▸ INFORMATION PROVIDED:
----

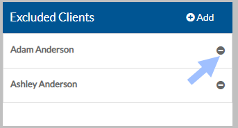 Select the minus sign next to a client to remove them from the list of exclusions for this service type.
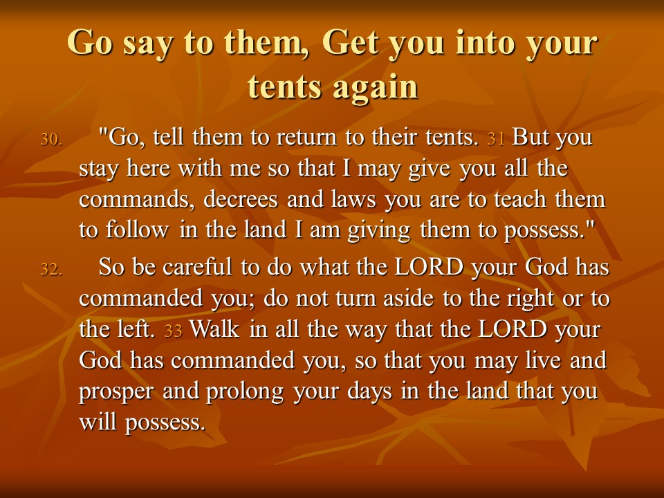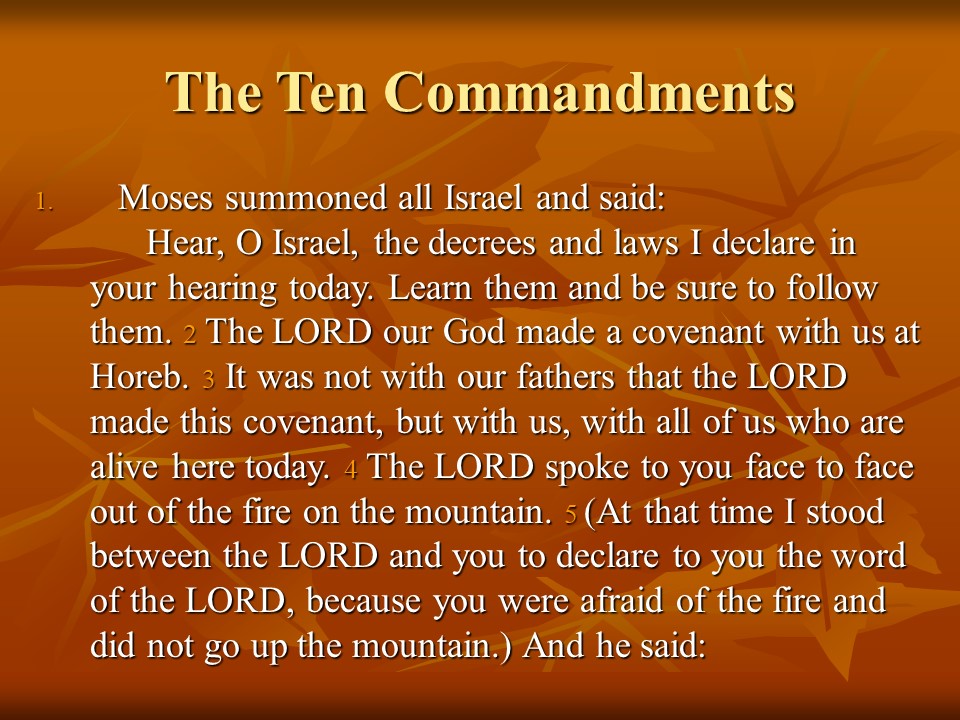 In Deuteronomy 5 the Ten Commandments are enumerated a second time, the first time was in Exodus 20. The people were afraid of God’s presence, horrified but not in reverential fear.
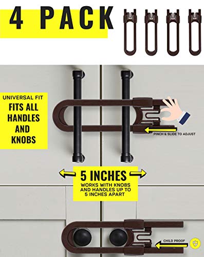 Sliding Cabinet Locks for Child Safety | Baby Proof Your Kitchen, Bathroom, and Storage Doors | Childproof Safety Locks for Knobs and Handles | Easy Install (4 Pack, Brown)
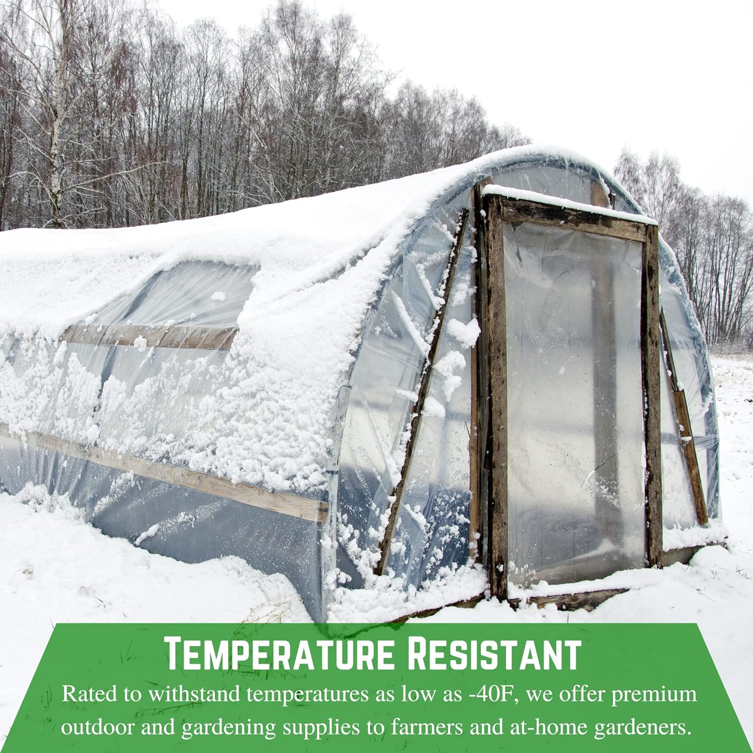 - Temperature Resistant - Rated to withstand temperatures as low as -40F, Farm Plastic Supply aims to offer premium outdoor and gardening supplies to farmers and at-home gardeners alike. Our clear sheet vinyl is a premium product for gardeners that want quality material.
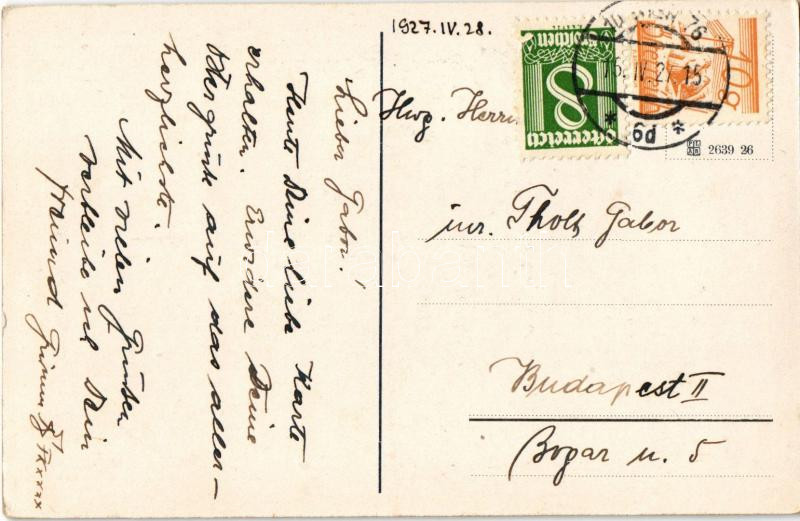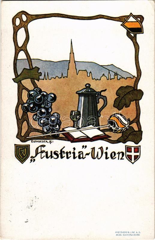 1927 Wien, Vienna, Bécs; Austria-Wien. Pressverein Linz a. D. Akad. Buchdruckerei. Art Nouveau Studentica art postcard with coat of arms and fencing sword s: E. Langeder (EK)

----

▸ DIRECTIONS: Give the data back exactly, omitting all pictures.

▸ REPLY TO THE TASK:
 Select the minus sign next to a client to remove them from the list of exclusions for this service type.
 In Deuteronomy 5 the Ten Commandments are enumerated a second time, the first time was in Exodus 20. The people were afraid of God’s presence, horrified but not in reverential fear.
 Sliding Cabinet Locks for Child Safety | Baby Proof Your Kitchen, Bathroom, and Storage Doors | Childproof Safety Locks for Knobs and Handles | Easy Install (4 Pack, Brown)
 - Temperature Resistant - Rated to withstand temperatures as low as -40F, Farm Plastic Supply aims to offer premium outdoor and gardening supplies to farmers and at-home gardeners alike. Our clear sheet vinyl is a premium product for gardeners that want quality material.
 1927 Wien, Vienna, Bécs; Austria-Wien. Pressverein Linz a. D. Akad. Buchdruckerei. Art Nouveau Studentica art postcard with coat of arms and fencing sword s: E. Langeder (EK)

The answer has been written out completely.